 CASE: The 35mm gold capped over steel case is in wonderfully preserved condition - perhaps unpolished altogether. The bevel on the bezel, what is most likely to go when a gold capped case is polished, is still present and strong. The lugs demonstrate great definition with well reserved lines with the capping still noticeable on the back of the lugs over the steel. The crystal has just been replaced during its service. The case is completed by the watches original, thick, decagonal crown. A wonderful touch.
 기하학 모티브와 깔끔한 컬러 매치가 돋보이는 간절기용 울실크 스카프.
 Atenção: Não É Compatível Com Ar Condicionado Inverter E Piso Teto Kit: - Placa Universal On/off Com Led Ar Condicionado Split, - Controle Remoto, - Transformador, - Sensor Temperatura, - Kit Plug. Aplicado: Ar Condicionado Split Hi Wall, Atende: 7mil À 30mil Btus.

########

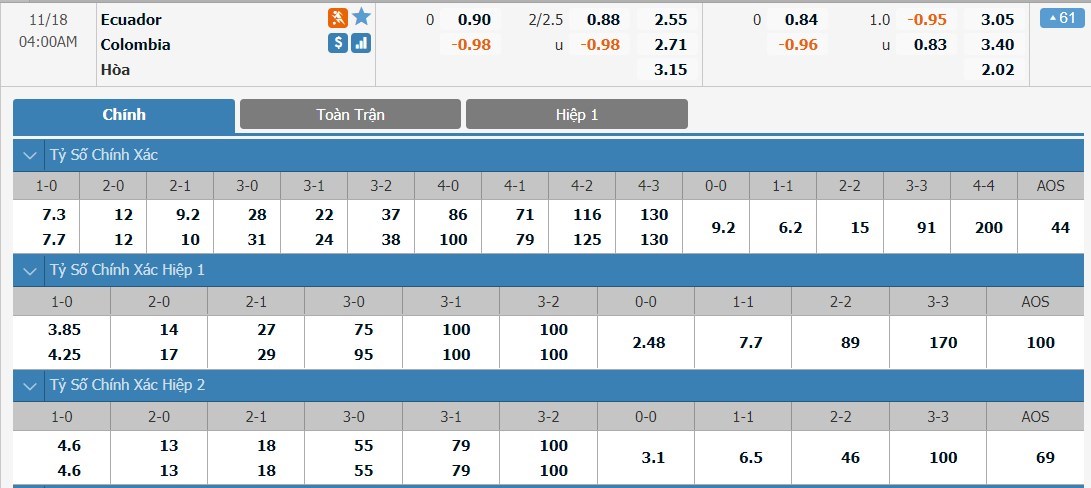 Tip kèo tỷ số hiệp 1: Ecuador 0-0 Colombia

########

— TASK DESCRIPTION —
Word for word, restate the lines of the listing above starting at the line with "기하학 모티브와 깔끔한 컬러 매치가 돋보이는 간절기용 울실크 스카프." and ending at the line with "Atenção: Não É", and nothing outside them.

— TASK RESULT —
 기하학 모티브와 깔끔한 컬러 매치가 돋보이는 간절기용 울실크 스카프.
 Atenção: Não É Compatível Com Ar Condicionado Inverter E Piso Teto Kit: - Placa Universal On/off Com Led Ar Condicionado Split, - Controle Remoto, - Transformador, - Sensor Temperatura, - Kit Plug. Aplicado: Ar Condicionado Split Hi Wall, Atende: 7mil À 30mil Btus.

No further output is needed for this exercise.